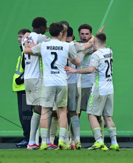 0:1 Tor, Jubel, v.l. Torschuetze Justin Njinmah, Cameron Puertas, Karim Coulibaly, Romano Schmid, Felix Agu, Olivier Deman (Bremen)
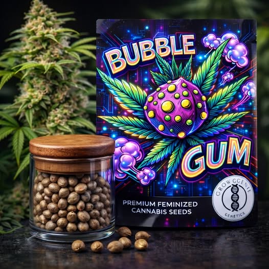 Bubble Gum von Grow-Genie-Genetics ist eine hochpotente, indica-dominante Hybrid-Sorte (80 % Indica / 20 % Sativa), die mit extremem Ertrag, intensiv süßem Aroma und einer kraftvollen, euphorisch-entspannenden Wirkung überzeugt. Die exklusive Kreuzung Bubble Gum × Gelato Zkittlez vereint klassischen Candy-Flavor mit moderner Dessert-Genetik – ein echtes Highlight für Kenner süßer Terpenprofile.
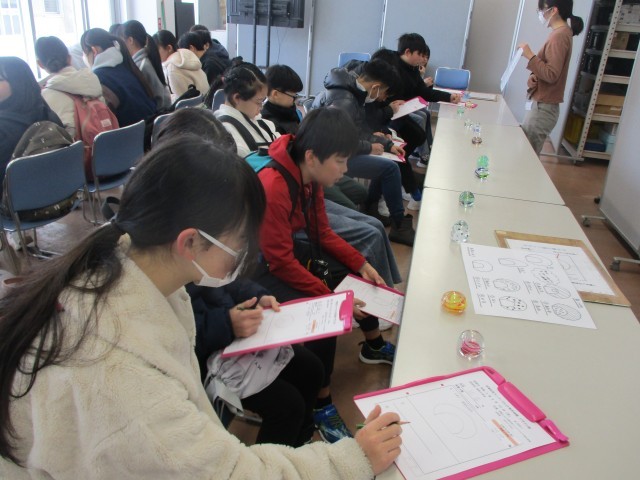 泡を入れたり、マーブル柄にしたり、らせん模様にしたり…正解に一つだけのペーパーウェイトになりました。
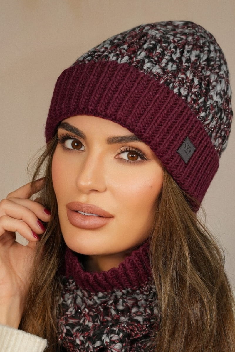 MORELA barwna młodzieżowa czapka z wywinieciem kolor bordowy
|---|
#### TASK DIRECTIONS:
Reproduce, word for word, the lines from the one containing "泡を入れたり、マーブル柄にし" through the final line above. Leave every picture out.

#### FINISHED TASK:
 泡を入れたり、マーブル柄にしたり、らせん模様にしたり…正解に一つだけのペーパーウェイトになりました。
 MORELA barwna młodzieżowa czapka z wywinieciem kolor bordowy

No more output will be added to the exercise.